Akut kolesistit yaşayan bireylerin ilk başvuru yeri genellikle acil servislerdir. Ani ve şiddetli karın ağrılarına neden olması bunun birincil nedenidir. Fakat akut kolesistit belirtileri birçok farklı hastalıkla benzer nitelikler taşıdığından hastalığın teşhisi için birtakım tanı testleri uygulanmalıdır. Sağlık kuruluşlarına başvuran hastalardan öncelikle detaylı tıbbi öykü alınır. Ağrının ne zaman başladığı, şiddetinin nasıl olduğu, ne şekilde hissedildiği gibi bilgilere ek olarak kişide bulunan hastalıklar, kullanılan ilaçlar gibi birtakım bilgiler de alınır. Ardından genellikle fiziksel muayene yapılır. Hekim tarafından yapılan bu muayene ile karnın belirli bölgelerine baskı yapılarak ağrıya neden olan sorunlu bölge tespit edilmeye çalışılır, ayrıca karında şişlik olup olmadığı da kontrol edilir. Özellikle apandisit gibi şiddetli karın ağrılarına neden olabilen diğer hastalıkların ayırt edilmesi için fiziksel muayenenin önemli bir yeri vardır. Fakat kesin teşhis için tıbbi görüntüleme tekniklerine başvurulması gerekir. Bunun için en sık uygulanan yöntem batın ultrasonografisidir. Karın ultrasonlarında karın boşluğu içerisinde yer alan organların görüntülenebilmesi için ses dalgalarından yararlanılır. Yine acil serviste yapılan kan tetkikleri de tanıya yardımcı olmaktadır.
 

SAFRA KESESİ İLTİHABI TEDAVİSİ


Akut kolesistit hastaları genellikle teşhisin ardından hastaneye yatırılır ve gözlem altında tutulur. Safra kesesi sindirim sisteminin bir parçası olduğundan ağızdan beslenmenin kesilmesi safra kesesinin dinlenmesine yardımcı olacaktır. Bu nedenle hastalarda yatış sürecinde intravenöz (damar yoluyla) olarak sıvı ve besin gereksinimi karşılanır. Yaşanan karın ağrılarının azaltılabilmesi ve enfeksiyonla mücadele amacıyla ağrı kesici ilaçlar ile antibiyotik uygulamaları genellikle önerilir. Kolesistitin tekrar etmesi halinde hekimler tarafından genellikle cerrahi operasyon yardımıyla safra kesesinin alınması önerilir.

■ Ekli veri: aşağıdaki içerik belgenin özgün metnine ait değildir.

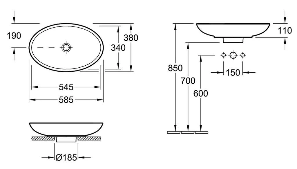 Wastafel voor opbouw op plaat of op wastafelkast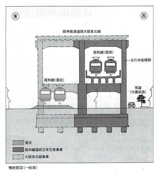 ↑泉北線と阪和線との二重高架部分の断面図です。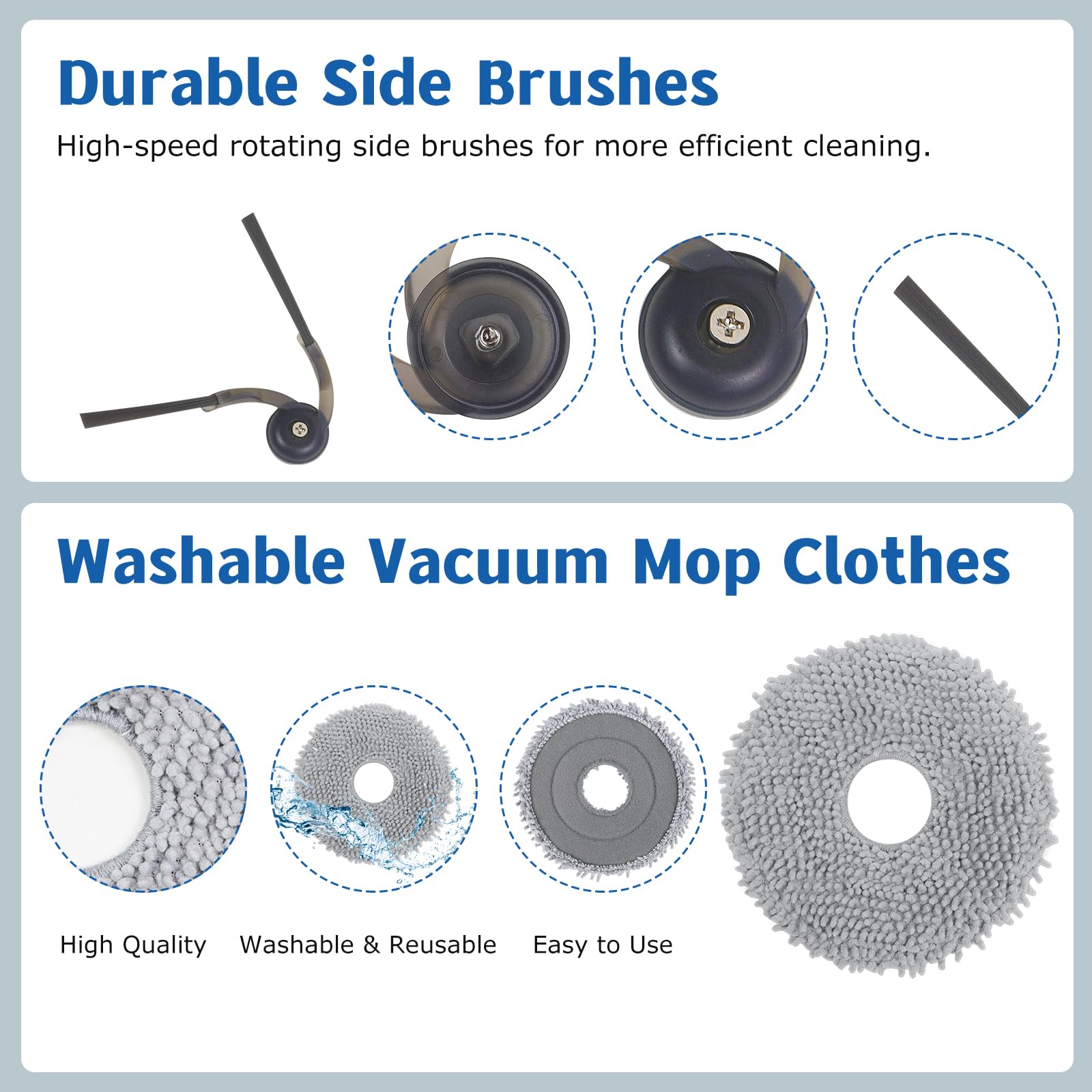 Spofan Zubehör Ersatz für Roborock Qrevo Serie - QV 35A, QV 35S, QR 598, QR 798 Saugroboter, 1 Hauptbürste, 4 Seitenbürsten, 2 HEPA Filter, 4 Wischtücher, 6 Staubbeutel, 1 Reinigungsbürste

Günümüzde gelişen tıbbi teknolojilerle birlikte bu operasyonlar, uygun hastalarda laparoskopik olarak (kapalı yöntemle) uygulanır. Fakat bazı hastalarda safra kesesinin durumu ve hastanın anatomik yapısına bağlı olarak açık operasyonların da yapılması gerekebilir. Safra kesesinin alınması ameliyatı kolesistektomi olarak adlandırılır.  İnsanlarda safra kesesi olmadan da besinler normal şekilde sindirilebilir. Safra kesesi alınmış olan hastalarda safra ince bağırsağa doğrudan ulaşır. Fakat vücudun buna alışabilmesi açısından 2-3 ay boyunca az yağlı bir beslenme programının uygulanması gerekmektedir. Ardından ek hastalıkları olmayan bireylerde normal beslenme düzenine geçilebilir.Tedavi sürecine ek olarak akut kolesistitten korunmaya karşı da birtakım önlemler alınabilir. Fazla kilolu olmak ve obezite akut kolesistit konusunda bir risk faktörüdür. Bu nedenle kilolu bireylerin ideal kilosuna ulaşması, sağlıklı ve dengeli bir beslenme programı uygulaması hem akut hem de kronik kolesistit gelişme riskini önemli ölçüde azaltır. Hızlı kilo kayıpları da safra kesesi hastalıklarını tetikleyebildiğinden zayıflama süreci bir diyetisyen gözetiminde kişiye özel hazırlanmış beslenme programları ile bilinçli olarak sürdürülmelidir. Aynı zamanda yüksek kolesterol değerlerine sahip olan bireylerde diyet ve hekim tarafından önerilmesi halinde kolesterol düşürücü ilaçların kullanımı ile kolesistit gelişme ihtimali azaltılabilir.